National targets to reduce smoking in pregnancy are unreliable and unrealistic because they are based on incomplete data, argues a midwife in this week’s BMJ.
The initial national target was to reduce smoking in pregnancy from 23% in 1995 to 18% by 2005 and now to 15% by 2010. An additional requirement is to reduce the rate of mothers who are smoking at delivery by 1% year on year, specifically focusing on disadvantaged women to tackle inequalities in infant mortality.
Yet, according to Department of Health figures published in June, only a quarter of Primary Care Trusts achieved this target in 2005-7. Carmel O’Gorman, a midwife specialising in smoking cessation at the Good Hope Hospital in Birmingham, is concerned by how realistic this target is and whether it is achievable within the required timescale.
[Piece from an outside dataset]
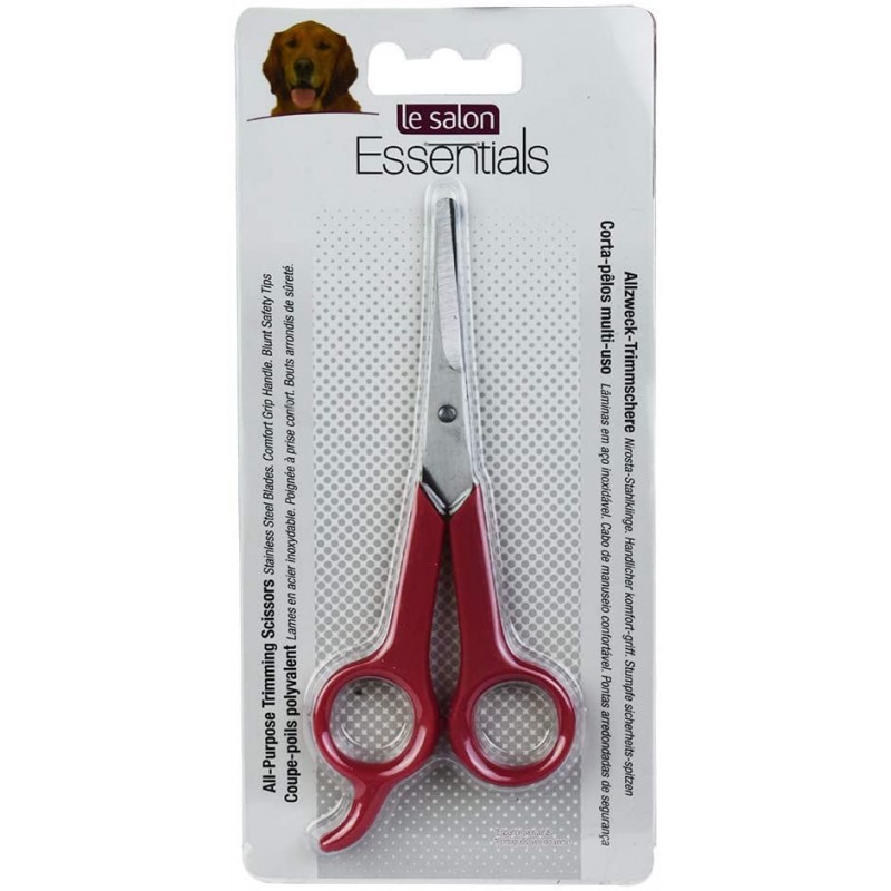 Tijeras de corte multiusos para perros Le Salon, tijeras de acero inoxidable con mango rojo y puntas de seguridad sin filo.

The quality of current smoking data makes it difficult to set local targets and baselines and to monitor progress, she warns. The latest infant feeding survey shows marked variations in smoking in pregnancy by mother’s social class and age. But this survey is only undertaken every five years and cannot provide local information.
To provide a more timely and regional breakdown of the number of mothers smoking at delivery, she believes that all hospital trusts with maternity services should collect data on smoking, though she acknowledges there are problems with data recording. Another weakness is that the data are based on self-reporting and should be interpreted with caution, she warns. She suggests measuring cotinine levels (a by-product of nicotine) during pregnancy and at delivery to help increase the trustworthiness of data and clarify the true scale of the problem.